■ **Collected data entries**
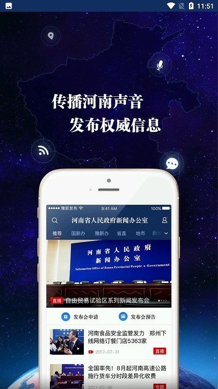 河南发布新闻融媒体客户端APP旨在为河南省用户提供全方位的新闻报道和服务!
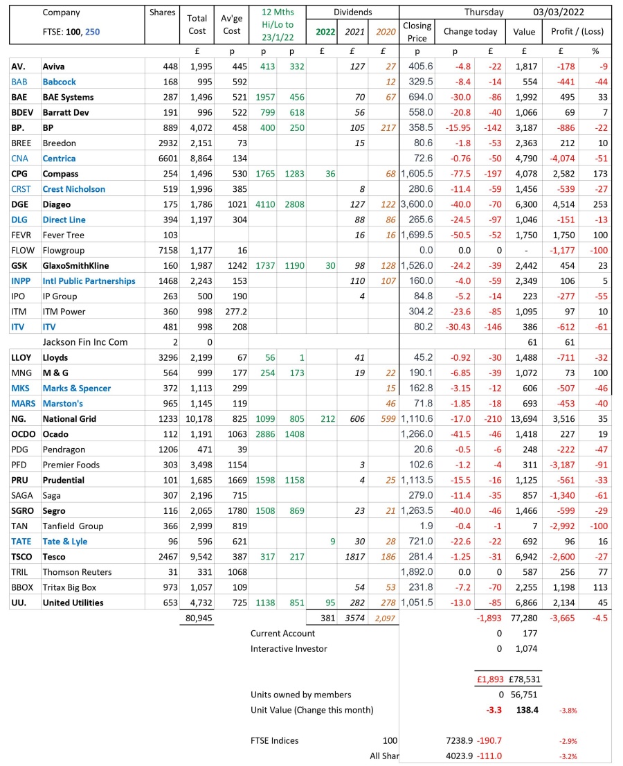 as at close of business Thursday 3 March 2022
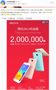 360手机f4于3月21日在北京正式发布,当天16:00在360商城、天猫商城、360手机商城同步开启预约。截至22日下午两点,该机成功预约量已经高达165
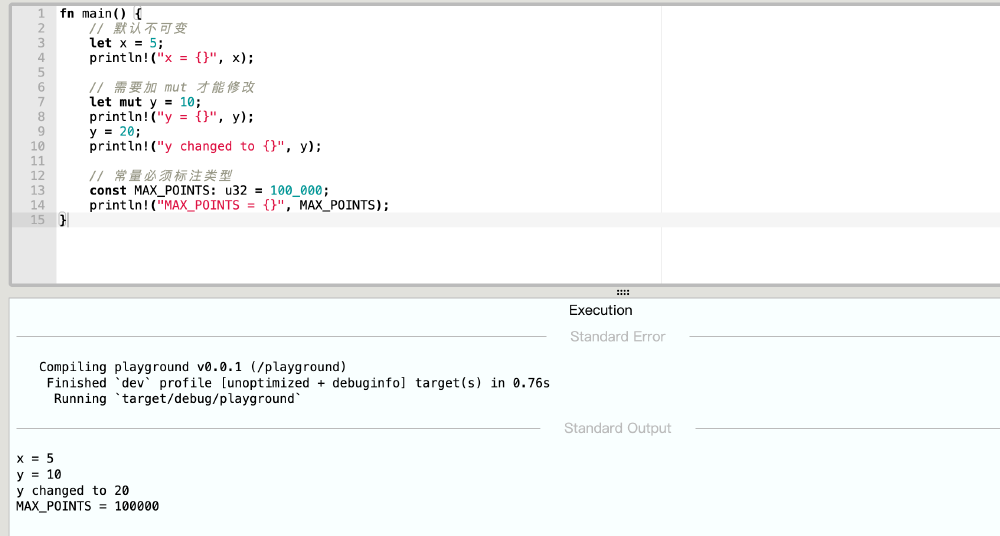 fn main() { // 默认不可变 let x = 5; println!("x = {}", x); // 需要加 mut 才能修改 let mut y = 10; println!("y = {}", y); y = 20; println!("y changed to {}", y); // 常量必须标注类型 const MAX_POINTS: u32 = 100_000; println!("MAX_POINTS = {}", MAX_POINTS); }
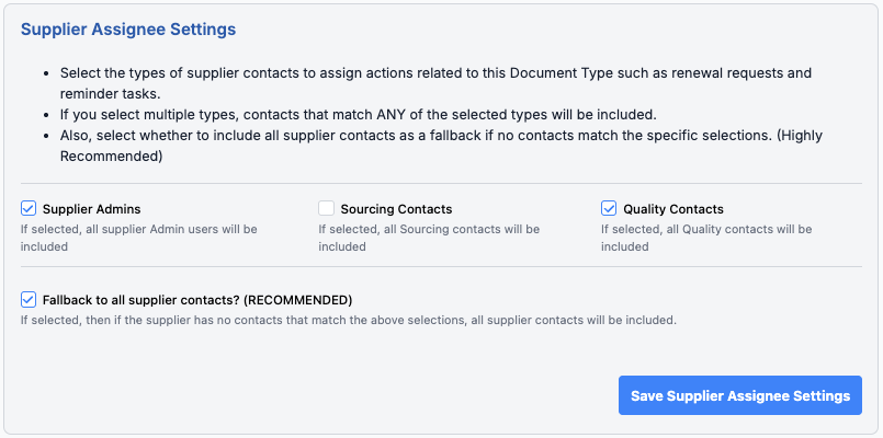Choose which supplier users receive renewal requests and reminder tasks for expiring documents: Supplier Admins, Sourcing Contacts, and/or Quality Contacts.

■ **EXERCISE**
Could you write out every record exactly, leaving the pictures out?

■ **TASK SOLUTION**
 河南发布新闻融媒体客户端APP旨在为河南省用户提供全方位的新闻报道和服务!
 as at close of business Thursday 3 March 2022
 360手机f4于3月21日在北京正式发布,当天16:00在360商城、天猫商城、360手机商城同步开启预约。截至22日下午两点,该机成功预约量已经高达165
 fn main() { // 默认不可变 let x = 5; println!("x = {}", x); // 需要加 mut 才能修改 let mut y = 10; println!("y = {}", y); y = 20; println!("y changed to {}", y); // 常量必须标注类型 const MAX_POINTS: u32 = 100_000; println!("MAX_POINTS = {}", MAX_POINTS); }
Choose which supplier users receive renewal requests and reminder tasks for expiring documents: Supplier Admins, Sourcing Contacts, and/or Quality Contacts.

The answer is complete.